Except it's not quite that simple. You can do a null check for Model == null all day long, but Glass isn't returning null there. Instead, you get the dreaded YSOD saying that the model expected a type of "your model" and instead got a default Sitecore rendering model instead. Now, you can get around this by going into Sitecore, under Layouts, and using the Models section to create a model entry and attach it to your rendering definition. But that's extra database stuff and you don't absolutely have to do that. Instead, use your good old MVC pattern.

It's pretty straightforward...create a controller rendering entry in Sitecore, create a controller and its related view, reference the controller class and action name in the Sitecore entry. And even if you're just retrieving the model as-is and passing it on, you can do that with simple code. Or, you can process things more, use a view model, and pass in more complex results. But the best thing is, you stay consistent with your other renderings that might return results based on search results, for example, that have to be controllers. And it creates an easy grouping to follow in a Helix pattern, to boot.

What about those null renderings, though? Well, now you can do a check to see if your model class is null after attempting data retrieval and pass null onto the view, then your null check on the view will work as you expect. I've also seen some other ways to do this without the explicit null checks in your code...there's this blog link that describes creating an attribute for your controller action that requires a datasource, and either provides a contextual message to the missing source in experience editor, or returns an empty result in normal mode (and thus handles your null check for you).

I'm not saying you should eliminate all view renderings, of course...if you're doing something that's mostly Javascript based like a Twitter widget, or the Coveo widgets, those are view renderings for the most part. But the ability to better control your data processing and result set in a controller rendering makes them a preferable option, in my opinion. I used to be a big view rendering fan because of the simplicity, but to cover all of the possibilities that could trip up your users, the controller rendering can save your bacon.

Plus you're not adding a lot of processing code to a thing I used to do was use TDS code generation to get the model mapping from Sitecore, then take advantage of the partial class to "weld" on extra fields, some of which did business logic. If I could go back a few years and knock some sense into myself, I'd realize the smarter way was to just have the model, use the controller to do the business logic, and use a view model if I'm adding fields into the mix. Chalk it up to learning Sitecore and MVC at the same time, I came from the Ektron world where it was still web forms!

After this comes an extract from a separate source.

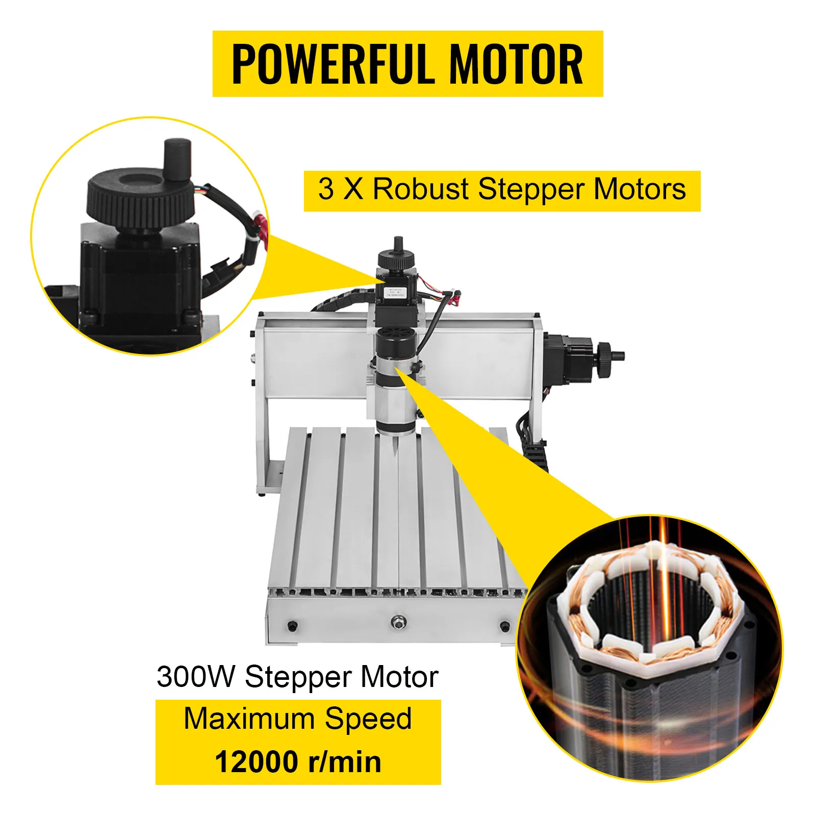 Auf drei Achsen gibt es jeweils ein zweiphasige 57-Schrittmotor(2A) für einfache Bewegung, die durch externe Kupplungen verbunden sind und eine hohe Drehmomentübertragung ermöglicht. Knöpfe mit kleinen Griffen an Schrittmotoren können die Positionierung anpassen. 300W-Spindelmotor auf Z-Achse kann Drehzahl von 8000U/min (stufenlose Drehzahlregelung) erreichen.

In every case when testing this last upgrade I did, if I ran into the YSOD "missing datasource" message, I just went in, changed the view rendering to a controller rendering, added an action in an appropriate controller, and voila, rewiring was complete. It's pretty straightforward to do, and even if you're just doing an upgrade, it may be worth your while to go in and rewire those renderings to add some assurance for your client. And save yourself some sanity to get away from those YSODs.